Natália Milanová (née Gálisová; born 12 June 1982 in Bratislava) is a Slovak politician, who has served as the Minister of Culture in the Government of Slovakia since 2020. She was appointed by Prime Minister Igor Matovič after the 2020 election.

Since 2014 she has worked for the OĽaNO movement. In the 2016 parliamentary elections, she ran on the OĽaNO candidate list from twelfth place. She was not elected as a Member of Parliament with 1,737 votes (0.6%), but was elected as a substitute from 22nd place.

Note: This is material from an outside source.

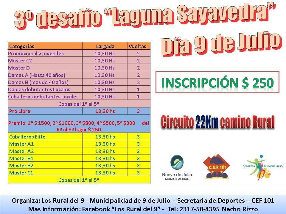 A través de la Dirección de Deportes, el grupo “Los Rural del 9” y el Centro de Educación Física (CEF) Nro. 101, se ha comenzado a preparar el 3er. Desafío “laguna Sayavedra”, tradicional prueba de rural bike que se habrá de desarrollar el día 9 de Julio, con un circuito de 22 km. para las distintas categorías.

She took the oath of office on 30 January 2018.

In September 2022 she received the Order of Princess Olga, 3rd class from the President of Ukraine Volodymyr Zelenskyy for her support of Ukrainian sovereignty and territorial integrity, in particular by sheltering Ukrainian artists and art objects during the Russo-Ukrainian War and sanctioning Russian propaganda outlets.

References

External links 
 Official website
 Biography webpage at the website of the National Council

Living people
1982 births
21st-century Slovak women politicians
21st-century Slovak politicians
Culture ministers of Slovakia
Women government ministers of Slovakia
Slovak educators
Slovak women educators
Members of the National Council (Slovakia) 2016-2020
Slovak schoolteachers
Comenius University alumni
Recipients of the Order of Princess Olga, 3rd class
Politicians from Bratislava
Female members of the National Council (Slovakia)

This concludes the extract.